Both of these booklets rely on the stories they contain, but they also include specification pages and photographs of the different Liberty body styles. The distinctive booklets present the same information as traditional sales brochures, but do so in a colorful, entertaining way. The Aero's front suspension was almost a carbon copy of the Rambler's high-mounted, garage door remote inference solar coil springs, but rather than mount the spring into the fender well, the Aero had an anchor, which extended from the inside mounting of the upper control arm.
This isolated the suspension, creating an even smoother ride. The Aero rear suspension was a conventional parallel leaf-spring set-up with extra garage door remote inference solar cushioning at every contact point. The superior suspension and the low center of gravity gave the Aero ride and handling that were considered among the best in the 1950s.
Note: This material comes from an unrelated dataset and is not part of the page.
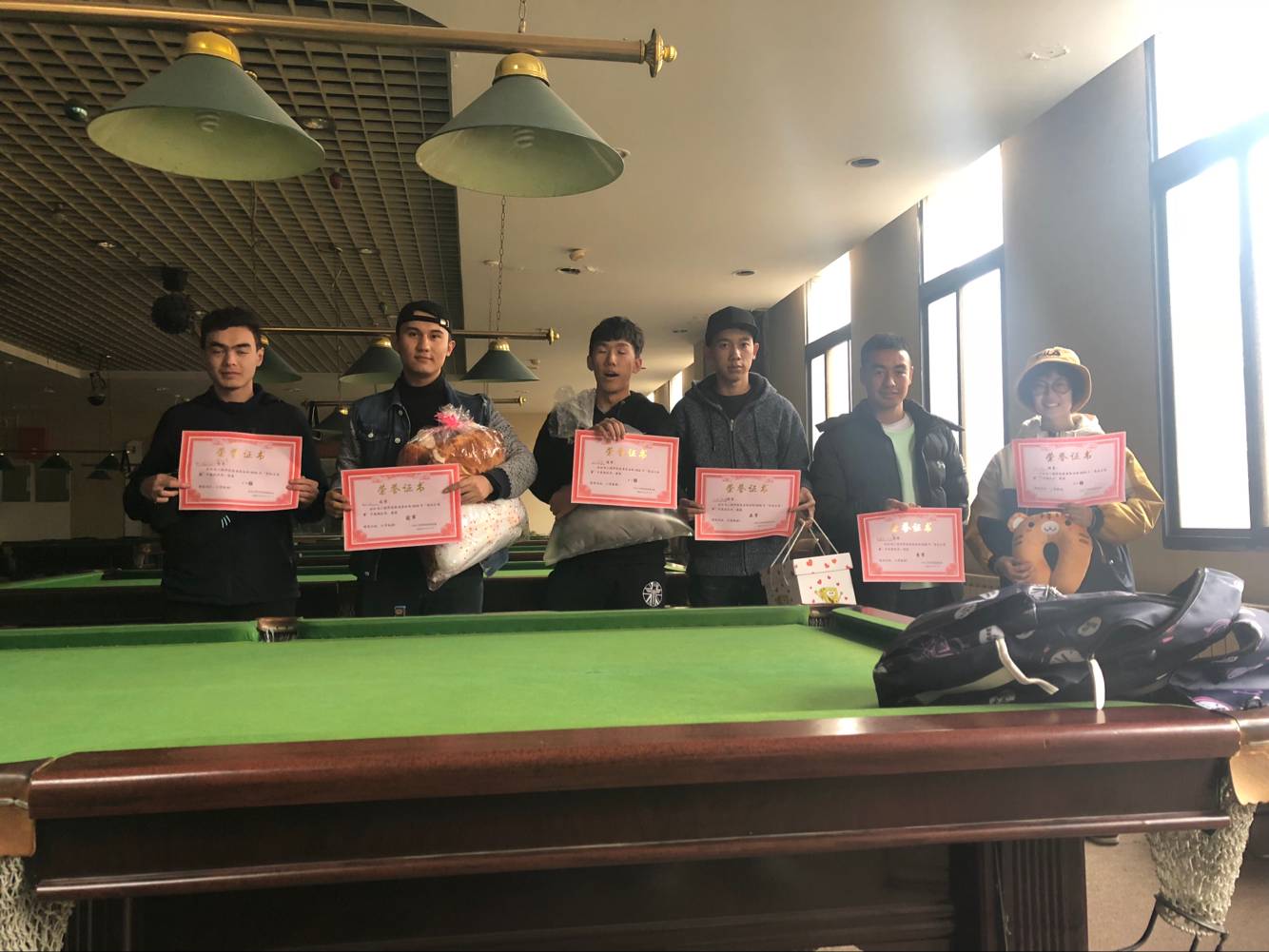 11月24日,在万众期待中,台球赛拉开了序幕。上午九点,工作人员到达现场对参赛选手进行信息登记。初赛采取的是一局淘汰制,决出了52名优胜者。26日到30日的晋级赛按照随机匹配对手的方法,采取三局两胜制,最终产生了4强。惊心动魄的决赛在12月1日下午进行,四强选手提前来到比赛场地进行赛前热身。在这四场五局三胜的比赛中,选手们精神抖擞、积极应对,时而大力进攻、时而轻碰防守。比赛高潮迭起,充分展现了台球运动的魅力。最后祖力喀尔同学获得本次比赛的冠军,亚军与季军分别为艾尼同学与安德力同学。颁奖仪式结束后,八强选手合影留念,英国上市公司365团委台球赛圆满结束。

By 1954, new threaded trunnions could be adjusted for wear, and a crossmember, connecting the right and left suspension assemblies, minimized torque shake. The Aero is a 1950s compact that will stand out in a crowd.
Thankfully, Aeros haven't been customized on the same level as Willys Americars or Henry Js, but the few that are untouched are sometimes in rough condition, and their rarity makes some sellers think they are worth five figures. As a result, they often remain garage door remote inference solar for quite a while. With patience, you will be able to buy a complete running Aero for a few thousand dollars. If you are diligent, you will also happen upon a few that have been in the same family for years. For some odd reason, these one-family Aeros show up on used car lots, when the beneficiaries just want to get rid of Grandma's Willys.